As second explanation for our results could be that GM-CSF was expressed either too early or too late relative to the malaria antigens and that staggered administration would have been more effective (Hartikka J., unpublished data). For example, GM-CSF might trigger the early maturation of dendritic cells, without allowing the opportunity for appropriate antigen uptake and presentation. However, the injection of the plasmid encoding hGM-CSF into humans either prior to or following the injection of MuStDO5 would be impractical, even if it improved the quality of immune response.81
In addition, plasmids encoding other cytokines have significantly enhanced immunogenicity when co-administered with a DNA vaccine, including IL-15,82,83
IL-12 and IL-28B,84
high mobility group box 185
and may be preferable to GM-CSF. Alternatively, an adjuvant that acts through an immunostimulatory mechanism could bypass the need to include single cytokines as co-treatments.

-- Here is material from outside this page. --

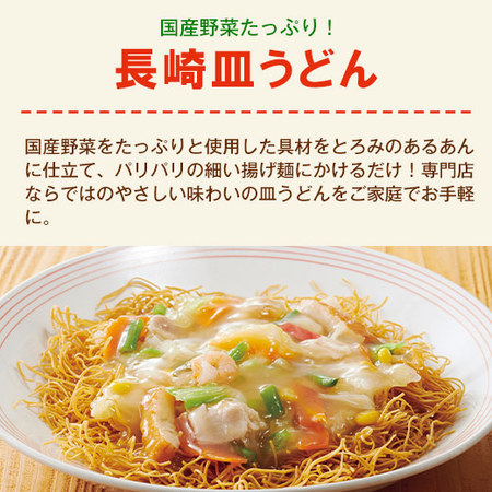 国産野菜をたっぷりと使用した具材をとろみのあるあんに仕立て、パリパリの細い揚げ麺にかけるだけ!専門店ならではのやさしい味わいの皿うどんをご家庭でお手軽に。
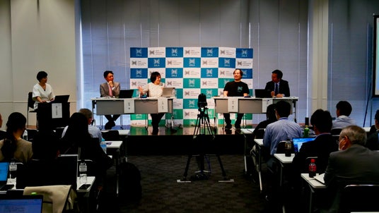 「法と技術の検討委員会」の活動について発表する登壇者ら (右から)古川氏、柴山氏、八木氏、松尾理事長

In summary, the MuStDO5 vaccine trial represented a first step in the development of the DNA vaccine approach to inducing protective cell-mediated immunity targeting multiple pre-erythrocytic stage antigens. The vaccine was safe and well-tolerated and induced IFN-γ responses to all five malaria proteins, supporting the multi-antigen strategy, but it was insufficiently immunogenic, and GM-CSF did not enhance immunogenicity or protection, contrary to expectations based on animal models. Key approaches to improving DNA vaccines, already under study at the time the MuStDO5 trial was performed, include codon optimization and other enhancements to the plasmid, use of more compatible plasmid mixtures to eliminate interference, electroporated administration, use of more concentrated formulations to allow delivery of higher plasmid doses, co-administration with alternative cytokine plasmids, immunostimulatory adjuvants or boosting with recombinant viral vectors such as adenovectors. In follow-on studies of DNA vaccines for the prevention of malaria, we have used codon optimized plasmids, higher doses of DNA (1 mg per plasmid), and boosting with recombinant adenovirus vectors; these three changes, planned at the time that the MuStDO5 trial was performed, have resulted in improved immunogenicity and protection, to be reported in future publications.